Temporary guardianships are generally granted by the courts to achieve a specific purpose for a certain amount of time. Once the purpose is accomplished, the guardianship is terminated.
A plenary guardian is a person appointed by the court with the power to exercise all legal rights and duties on behalf of a ward after the court makes a finding of incapacity. It is a guardian of both the person and the estate.
State statutes define mental and physical disability. However, typically, such disability or incapacity involves severe and long-term conditions that impose great limitations upon individuals’ ability to take care of themselves, express themselves verbally, earn a living, and live independently of the care of others. Such a disability also reflects the necessity for a combination of treatments and services.
Guardianship for physically or mentally disabled or incapacitated persons have, in recent decades, been understood to facilitate the independence and self-reliance of the ward. They are limited as much as is reasonable in order to allow wards to exercise as much control over their lives as possible while maintaining as much dignity and self-reliance as possible. The desires of the wards are given primary consideration. Also, wards are allowed to do as much of their own care giving as is physically and mentally possible.
The guardian will be granted only those powers necessary to accomplish for the ward what the ward cannot accomplish independently.
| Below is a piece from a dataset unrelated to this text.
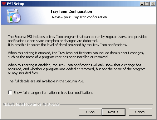 La finestra successivamente esposta durante la procedura d’installazione di PSI 2.0 (“Tray Icon Configuration“), richiede all’utente se desideri o meno ricevere informazioni dettagliate circa le applicazioni a proposito delle quali vi sono delle novità, ad esemio l’aggiunta o la rimozione di un programma dall’elenco dei software monitorati.

These powers may include assuring the availability and maintenance of care for the ward, making sure that educational and medical services are maintained and adequate, and submitting updates to the court of the ward’s condition. These court updates describe the ward’s living situation, status of mental and physical health based upon medical examinations and official records. This provides a list of services being received by the ward, and describe services rendered by the guardian, account for the ward’s monetary assets, and any other information necessary to submit to the court in order for it to assess the status of the ward and the guardian’s duties.
Following is an example of a state law dealing with incapacitated person:
Tex. Prob. Code § 601 (14) “Incapacitated person” means:
(A) a minor;
(B) an adult individual who, because of a physical or mental condition, is substantially unable to provide food, clothing, or shelter for himself or herself, to care for the individual’s own physical health, or to manage the individual’s own financial affairs; or
(C) a person who must have a guardian appointed to receive funds due the person from any governmental source.